Not sure I understand what you mean by “before the laws” but the relevant code section is Hawaii Revised Statute 134-2 and 134-3.

It is a bit of a hijack, yes, but the coup d’état was on the part of the Queen who unilaterally abrogated the Constitution.

From my reading this does not require post facto registration. In other words, if you owned the gun before the law was passed, you do not need to register it. It refers to new guns brought in or purchased.

Now I understand your question. Yes, I believe that’s correct.

ETA: This is not legal advice, just friendly discussion board chatter.

In fact I do not think any state requires that, except CA which does require ex post facto registration of 'assault weapons". I am pretty sure SCOTUS would strike such a law down.

The District court just struck down CA s law requiring background checks, etc for ammo purchases. Also CAs ban on 10+ round magazines was struck down… but there is a stay on that waiting for a Higher court to rule.

@Falchion I glossed over this part of your post earlier in my disagreement with your preceding sentence. In retrospect, I should have also noted agreement with this point. Indeed, I think the Hawaii Supreme Court dedicated a significant part of its opinion to distinguishing the Hawaii State Constitution’s equivalent language from the Second Amendment on the basis that (despite using the same verbiage), Hawaii’s history and traditions compel a different interpretation than that of the current SCOTUS.

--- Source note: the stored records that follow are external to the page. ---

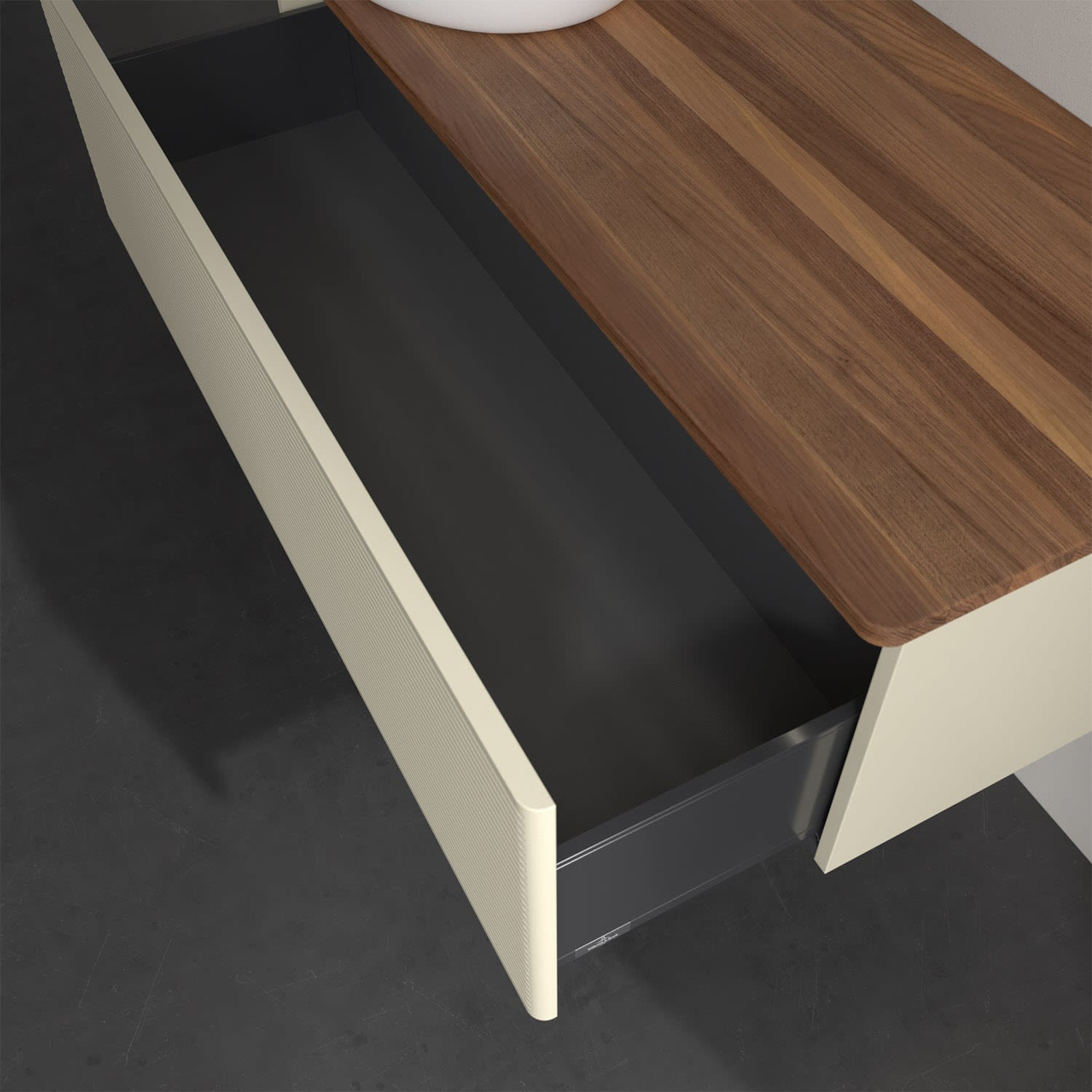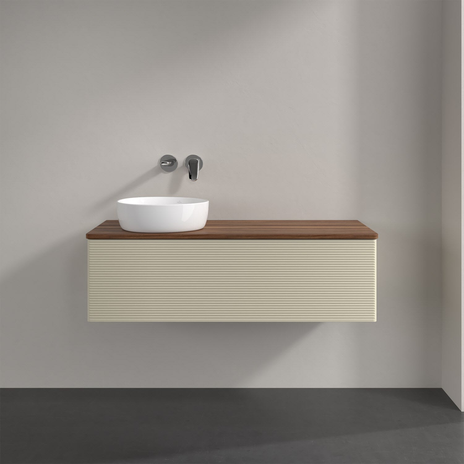 Villeroy & Boch Antao Waschbeckenunterschrank, 120 x 36 cm, 1 Auszug mit LED-Licht, Front mit Struktur, ohne Hahnloch, für Waschtisch links
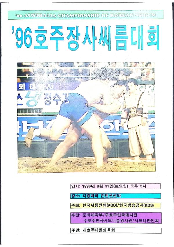 '96호주장사씨름대회 개최를 홍보하며 한국 민속씨름 기술과 경기에 대해 설명한 자료이다
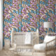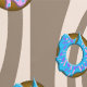 Des beignets à glaçage rose et bleu avec des arroses sur un arrière - plan tourbillonnant de café.
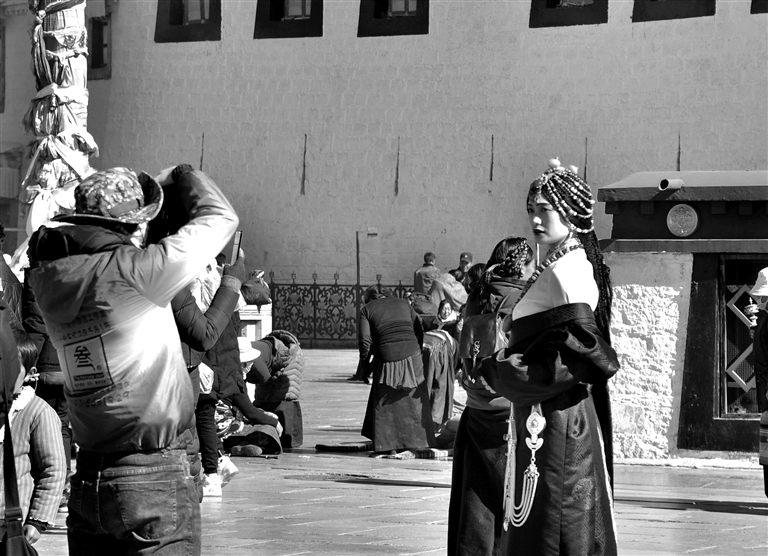 梳著彩辮,搖著轉經筒,悠游名勝古跡,細細品味西藏氛圍,然后在八廓街古老的街道和庭院里拍一組西藏特色的藏裝照。隨著“冬游西藏”的熱度提升,來西藏游玩的游客也逐漸增多,在游玩的同時專門拍上一組濃郁地方特色的寫真也成為眾多游客的選擇,許多攝影工作室因此客源不斷。 圖為12月11日,游客在拉薩老城區身著藏裝拍照。記者 梁梅 攝
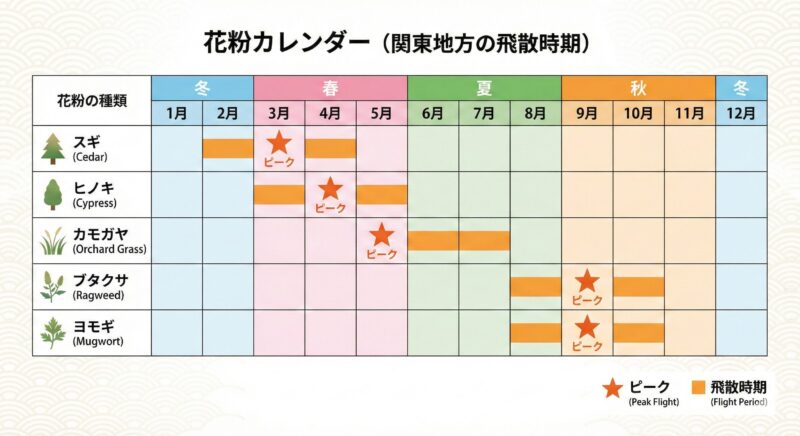 スギ以外の植物でも花粉症の症状が出ることがあります。日本では、春のスギだけでなく、その直後に飛散するヒノキ、初夏から夏にかけてのカモガヤ、さらに秋にはブタクサやヨモギといった花粉が1年を通して舞っています。

In short, framers of the Hawaii State Constitution in the 1950’s did not not necessarily have in mind the same meaning as that of the current conservative SCOTUS majority the framers of the U.S. Constitution.

Yes, but that doesnt stand under a federal Court- SCOTUS- decision.

Article VI

This Constitution, and the laws of the United States which shall be made in pursuance thereof; and all treaties made, or which shall be made, under the authority of the United States, shall be the supreme law of the land; and the judges in every state shall be bound thereby, anything in the Constitution or laws of any State to the contrary notwithstanding.

Of course it does.

Federal court interpretations of federal constitutional provisions don’t bind state court interpretations of state constitutional provisions.

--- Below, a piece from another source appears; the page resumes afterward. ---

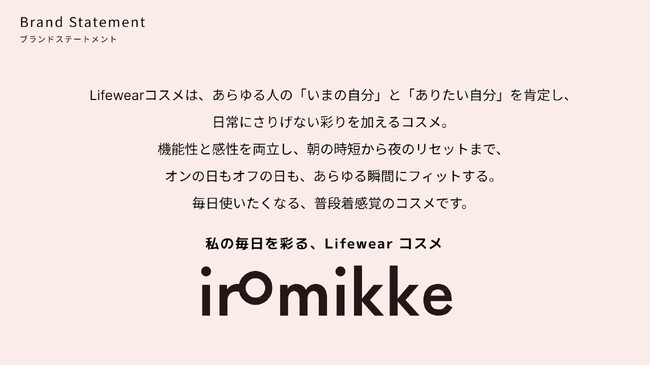 株式会社AXIS ONE(本社:東京都、代表取締役:徐 宇中)が展開するコスメブランド「iromikke(イロミッケ)」は、“私の毎日を彩る、Lifewearコスメ”をコンセプトに、
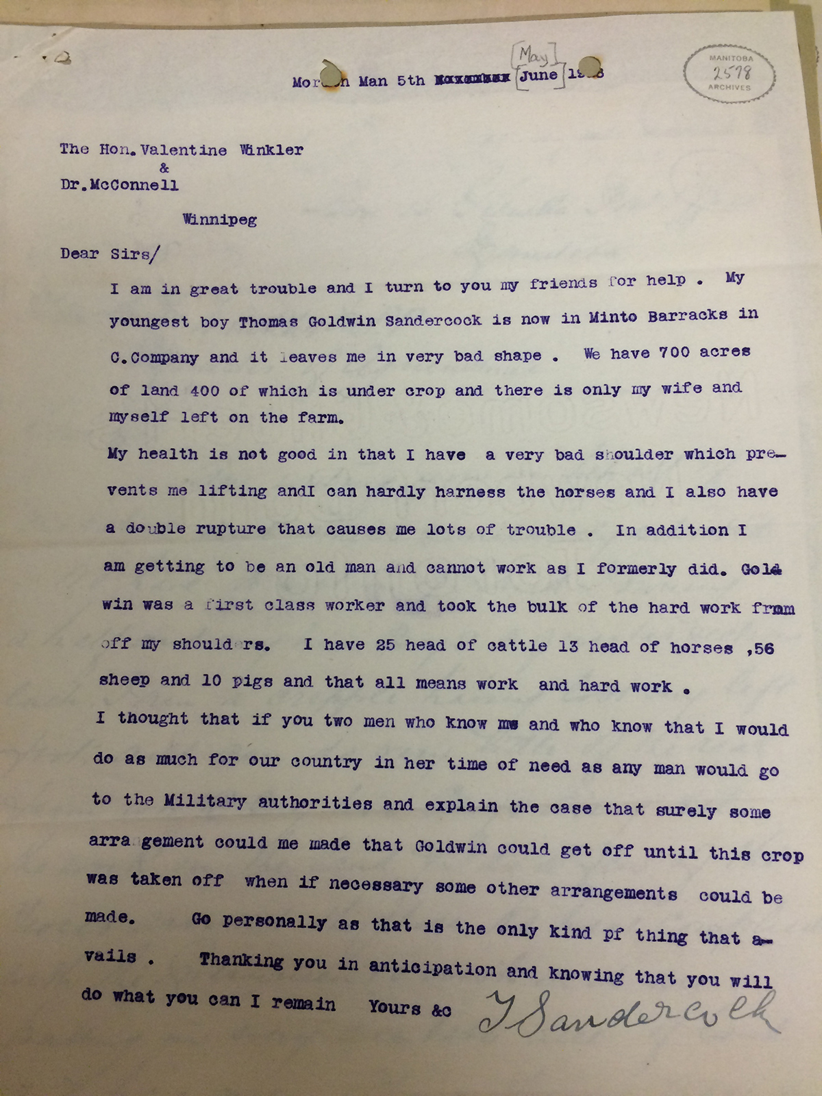 Letter from T. Sandercock to The Hon. Valentine Winkler and Dr. McConnell. Dear Sirs/ I am in great trouble and I turn to you my friends for help. My youngest boy Thomas Goldwin Sandercock is now in Minto Barracks in C. Company and it leaves me in very bad shape. We have 700 acres of land 400 of which is under crop and there is only my wife and myself left on the farm. my health is not good in that I have a very bad shoulder which prevents me lifting and I can hardly harness the horses and I also have a double rupture that causes me lots of trouble. In addition I am getting to be an old man and cannot work as I formerly did. Goldwin was a first class worker and took the bulk of the hard work from off my shoulders. I have 25 head of cattle 13 head of horses, 56 sheep, and 10 pigs and that all means work and hard work. I thought that if you two men who know me and who know that I would do as much for our country in her time of need as any man would go to the Military authorirites and explain the case that surely some arrangement could be made that Goldwin could get off until this crop was taken off when if necessary some other arrangements could be made. Go personally as that is the only kind of thing that avails. Thanking you in anticipation and knowing that you will do what you can I remain yours &c.

The Hawaii court didn’t (as the thread falsely suggests) purport to reject the federal constitution. It interpreted a state law provision using an approach that is, apparently, acceptable in that state.

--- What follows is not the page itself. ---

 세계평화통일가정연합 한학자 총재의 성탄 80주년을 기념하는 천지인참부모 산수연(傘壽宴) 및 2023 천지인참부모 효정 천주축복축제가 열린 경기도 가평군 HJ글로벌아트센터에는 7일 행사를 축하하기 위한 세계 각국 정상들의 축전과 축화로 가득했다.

The Supremacy Clause is immaterial to a state supreme court’s interpretation of its own state’s constitution. This is basic legal analysis. Moreover, I encourage you to reread my first post to this thread and, even better, the Hawaii Supreme Court’s decision, which cites federal case law in its application of the Second Amendment of the U.S. Constitution to the facts of the case. Perhaps then you’ll understand that the Court’s holding is entirely consistent with federal constitutional jurisprudence.

ETA:

Ninja’d by @Falchion

When/if he appeals to the US Supreme court, then we will see. SCOTUS has struck down several gun controls laws that the state thought was perfectly legal.

Because it said they violated the federal constitution.

The federal government cannot tell a state it is misinterpreting its own constitution. That’s not its jurisdiction.

Now, if Hawaii passed a law that violates the federal interpretation of the 2nd amendment but does not violate the Hawaiian interpretation of the equivalent gun right clause, what happens?

The law might be challenged in state court and interpreted not to violate the state’s equivalent to the 2nd amendment language.

Then it might be challenged in federal court and struck down for violating federal law.

This would not be a case of the federal government overturning the state court’s ruling. It would be the federal government making a totally separate ruling on a totally separate case based on totally different constitutional text that happens to share language with the state’s constitution but comes from a different source, that being the federal constitution.

The feds are ruling about the 2nd amendment to the US constitution while the Hawaiians are ruling based on Article I section 17 of Hawaii’s constitution. Two different texts that happen to share language.